Induction of adjuvant-induced arthritis (AA)

There were six rats in model group, and the other six rats were in control group. The method of AA rat preparation was consistent with that described in a previous study (5). A total of 0.1 ml of complete Freund's adjuvant (CFA) emulsion was injected into the right hind metatarsal footpad. The rats were assessed every three days for the signs of arthritis by two independent observers. If tissue necrosis or ulcerated masses were present (no signs of healing within 3 days) and signs of deterioration such as inability to reach food or water for ~12 h, weight loss >20% of starting weight or any sign of suffering not relieved by pharmacologic analgesia, the rat would be euthanized. The rats in model group were sacrificed for the AA-FLS at day 30 after immunization under anesthesia using isoflurane (induction 3-4%; maintenance 1-2%). Subsequently, all the rats were euthanized via the inhalation of carbon dioxide. The displacement of the euthanasia chamber was between 30-70% of the chamber volume per min. Death would be confirmed by an appropriate method, such as ascertaining cardiac and respiratory arrest or noting fixed and dilated pupils of an animal.

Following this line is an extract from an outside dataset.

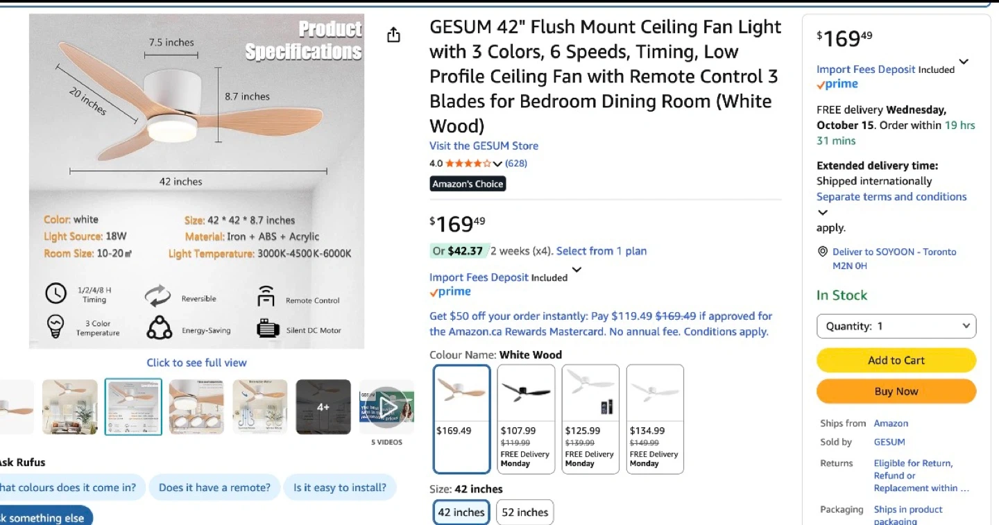 28I bought it last year for the guest room, so it’s almost like new. It hasn’t been used. I’m sure you’ll like it once you see the actual condition. Thank you. Looking to brighten up your space? I’m selling a GESUM 42” flush mount ceiling fan with a beautiful white wood finish. Key features: • 3 colour modes • 6 speed settings • Timing function • Low-profile design (great for low ceilings) • Remote control included Perfect for a bedroom or dining room! Originally purchased for $169.49, and it’s brand new — never used. Selling because I’m moving overseas. Pickup only. Thank you!

Cell culture and identification

The RA-FLS and AA-FLS were obtained from the knee synovium of the RA patients and AA rats. Human rheumatoid FLS (MH7A) were purchased from Jennio Biotech Co., Ltd. All cells were cultured in DMEM containing 20% FBS, 1% penicillin and 1% streptomycin at 37˚C and 5%-CO2 containing incubator. The RA-FLS and AA-FLS were cultured using Anti-Vimentin (cat. no. sc-373717; Santa Cruz Biotechnology, Inc.) and Anti-CD55 (cat. no. 26580-1-AP; Proteintech) at a dilution ratio of 1:1,000 for 30 min and then detected using immunofluorescence. Mycoplasma testing was carried out for the cell lines used.

Histological analysis

Synovial tissue was fixed with 4% paraformaldehyde solution at room temperature for 24 h and embedded in paraffin. The paraffin sections (4 µm) were dewaxed in xylene, stained with hematoxylin and eosin (H&E) at room temperature for 3 min and 30 sec, respectively, and were examined using standard light microscopy.

Immunofluorescence assay

The synovial tissue samples were snap-frozen in OCT medium. Cryostat sections (5 µm) were cut and mounted on adhesive glass slides. Slides of the tissue samples and cells were fixed with 4% paraformaldehyde at 4˚C for 10 min, permeabilized with 0.5% Triton X-100 for 7 min at room temperature and blocked with 5% bovine serum albumin (MilliporeSigma) for 1 h at 37˚C. After incubating with primary antibodies (1:100 dilution) at 4˚C overnight, the slides were incubated with anti-mouse-Alexa Fluor 594 (1:200 dilution; cat. no. ab150116; Abcam) and anti-rabbit-Alexa Fluor 488 (1:200 dilution; cat. no. ab150073; Abcam) for 1 h at 37˚C. DAPI (20 µl) was used to stain the nuclei for 5 min at room temperature. The slides were then observed under a fluorescence microscope (BX53; Olympus Corporation). The primary antibodies were as follows: Gβ (cat. no. sc-166123), EP4 (1:1,000 dilution; cat. no. sc-55596; both from Santa Cruz Biotechnology, Inc.) and GRK2 (cat. no. ab228705; Abcam).

Isolation of membranes from synovial tissue

The synovial tissue was washed using PBS, cut into pieces and added with a cold homogenization buffer (0.32 M sucrose, 5 mM Tris-HCl, pH 7.5, 120 mM KCl, 1 mM EDTA and 0.2 mM PMSF). Samples were sonicated and centrifuged at 100,000 x g for 1 h at 4˚C. The supernatants were pooled and centrifuged at 100,000 x g for 1 h. The pellets were resuspended in a cold extraction buffer (20 mM HEPES, pH 7.5, 10% glycerol, 2% Triton X-100, 1 mM EDTA, 1 mM EGTA and 0.2 mM PMSF) and incubated at 4˚C overnight. The supernatants containing the cell membrane were collected after centrifuging at 7,800 x g for 30 min at 4˚C.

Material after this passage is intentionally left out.